Wf-Event-Id: evt_xyz789
Wf-Event-Type: process.instance.completed
Wf-Webhook-Id: wh_abc123
{
"id": "evt_xyz789",
"type": "process.instance.completed",
"timestamp": "2026-05-14T10:00:00Z",
"data": { ... }
}
Signature generation:
timestamp := time.Now().Unix()
signed := fmt.Sprintf("%d.%s", timestamp, payload)
mac := hmac.New(sha256.New, []byte(subscriptionSecret))
mac.Write([]byte(signed))
signature := hex.EncodeToString(mac.Sum(nil))
header := fmt.Sprintf("t=%d,v1=%s", timestamp, signature)
Verification (customer-side):
// Parse header: t=..., v1=...
parts := parseSignatureHeader(header)
timestamp := parts["t"]
expected := parts["v1"]
// Reconstruct
signed := fmt.Sprintf("%s.%s", timestamp, body)
mac := hmac.New(sha256.New, []byte(secret))
mac.Write([]byte(signed))
actual := hex.EncodeToString(mac.Sum(nil))
if !hmac.Equal([]byte(expected), []byte(actual)) {
return errors.New("invalid signature")
}
// Replay protection
if time.Since(time.Unix(timestamp, 0)) > 5*time.Minute {
return errors.New("signature expired")
}
IP allowlist¶
Customer can configure: "only accept webhooks from these IPs".
Our published egress IP ranges:
trust.example.com/security/webhook-source-ips
{
"ranges": ["52.10.0.0/24", "52.20.0.0/24"],
"lastUpdated": "..."
}
Customer firewall whitelist.

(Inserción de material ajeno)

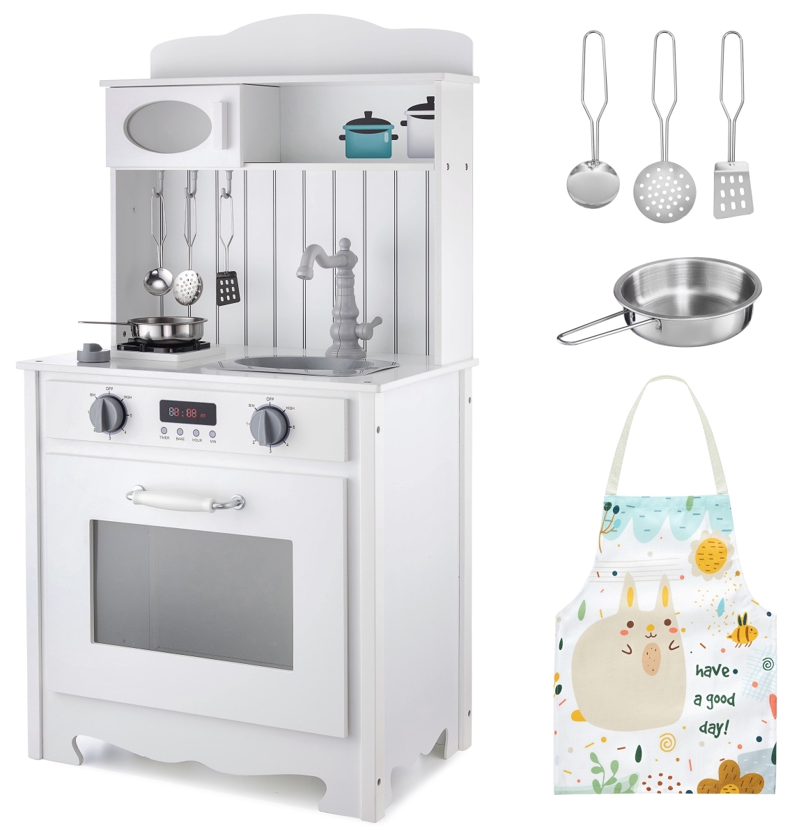 Les appareils ménagers tels que le four, la plaque de cuisson et le micro-ondes sont très similaires aux vrais, de sorte que les enfants peuvent pleinement assumer le rôle d'adultes. Tout ce que le petit doit faire c'est d'enfiler le tablier chef offert avec la cuisine et la partie de plaisir peut commencer !

Reduce attack surface.
TLS only¶
Customer endpoint debe ser HTTPS. Reject HTTP at subscription creation.
Localhost / private IP¶
Reject:
host := parsedURL.Host
ip := net.ParseIP(host)
if ip != nil && (ip.IsPrivate() || ip.IsLoopback()) {
return errors.New("private/loopback addresses not allowed")
}
// DNS resolution check too
ips, _ := net.LookupIP(host)
for _, addr := range ips {
if addr.IsPrivate() {
return errors.New("resolved to private IP")
}
}
Evita SSRF attacks (customer creates webhook pointing al internal infra).
Customer error handling¶
Response codes¶
| Status | Acción |
|---|---|
| 2xx (200, 201, 204) | Success; mark delivered |
| 410 Gone | Subscription dead; auto-disable |
| 429 Too Many Requests | Retry con Retry-After header |
| 4xx (other) | Retry hasta max attempts |
| 5xx | Retry con exponential backoff |
| Timeout (30s+) | Treated as 5xx |
| TLS error | Retry; if persistent, disable |
Auto-disable on persistent failures¶
if subscription.consecutive_failures > 100 {
db.Exec(`UPDATE webhook_subscriptions SET active = false, disabled_at = now(), disabled_reason = 'too_many_failures'`)
sendEmailToOwner(...)
}
Customer recibe email; debe re-enable manualmente.
DLQ — Dead Letter Queue¶
Events que excedieron retry attempts:
-- DLQ table (same schema as outbox)
CREATE TABLE webhook_dlq (
id BIGINT,
...
);
-- On final failure
INSERT INTO webhook_dlq SELECT * FROM webhook_outbox WHERE id = $1;
UPDATE webhook_outbox SET state = 'dlq' WHERE id = $1;
UI / CLI para replay desde DLQ:
wf webhook dlq list
wf webhook dlq replay <event-id>
wf webhook dlq replay-all --since 24h --subscription wh_abc
Customer-side idempotency¶
Wf-Event-Id es único per event. Customer guarda IDs procesados; idempotent.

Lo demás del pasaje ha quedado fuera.